Lacking Mental-maintenance: LonelinessMy life would have been very colorful if I have all my mental-maintenance activities checked. But I don't. As a student near graduating, I filled my days with so many hectic activities. So many times it choked me up to the point that I would have anxiety problems, because of deadlines pounding my head. Aside from that I have a part time job at my school. The job is very easy, and I have a lot of freetime to do my school work. I have no problem with school and work life. It is going very good in fact. Graduating in a few months, great portfolio, great connection and resume. But I cannot pretend the lingering feeling that I have an empty part of me that needs to be filled.
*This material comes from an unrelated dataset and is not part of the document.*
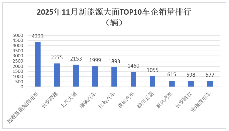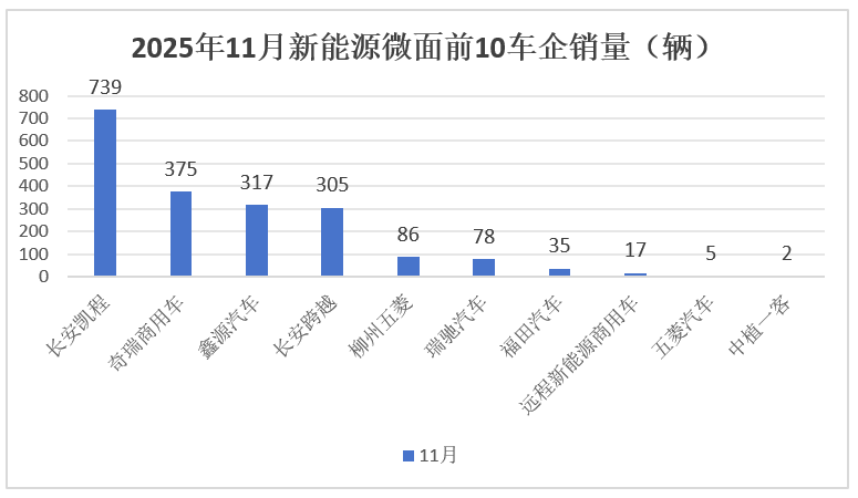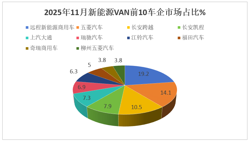 上圖表顯示,在2025年11月新能源VAN前10車企銷量中,以下特點比較明顯:

I have a boyfriend, live alone, my parents/family are on the other side of the world. Life is, very alone and lonely. Since I live in a big city, everyone else is busy. They already have their own business. I spend most of my days and nights alone. When I am in school, I stare at the computer screen as long as I am awake, since i am doing visual communication.
My life on one hand, seemed so full, so happy and successful. But on the other side, it is very hollow and empty. Seems like I have no foundation that hold me together, and it is making me fall apart easily.
I traveled accross the world to find great teachers, only to find that teacher has been myself . I am smart, good, and very lonely. I long for daily interaction with someone, just like when you have a family. Meet that person daily... only with that I feel like my life is getting somewhere. If not, I just feel like running in a race that never ends, no home to go home to. I am still looking for something to fill my emptiness.